* [PROBLEM DETAILS]:
In the listing below, locate the line containing "(рис. 1) [3]." and copy it and every line after it through the end, exactly as written, leaving out any pictures.

* [RAW DATA]:
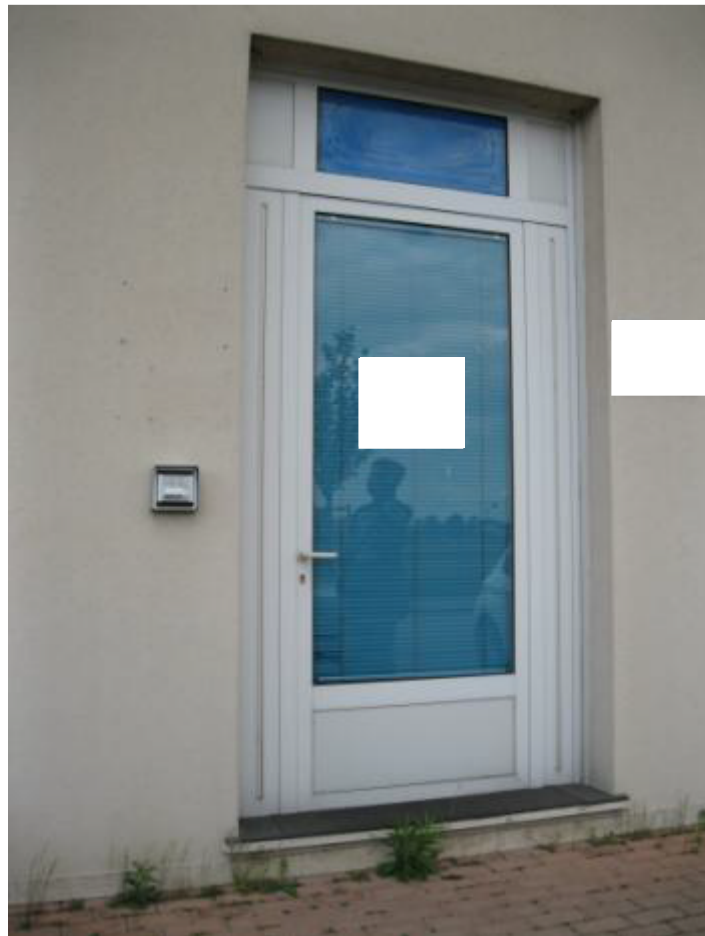
Foto 4 Portone d'ingresso da Via Dogana
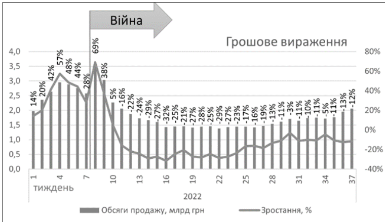
Рис. 1. Динаміка роздрібних продаж, 2022 рік потижнево

Був «класичний» для зимнього сезону гострих респіраторних захворювань розвиток подій (рис. 1) [3].
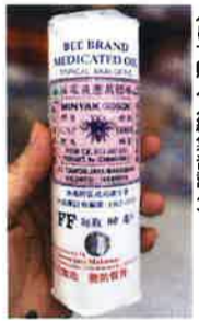
MINYAK GOSOKU ミンヤクゴソク 130.9gを特価85.00円で購入(編集部調べ)

* [RESPONSE FOR THIS EXERCISE]:
Був «класичний» для зимнього сезону гострих респіраторних захворювань розвиток подій (рис. 1) [3].
MINYAK GOSOKU ミンヤクゴソク 130.9gを特価85.00円で購入(編集部調べ)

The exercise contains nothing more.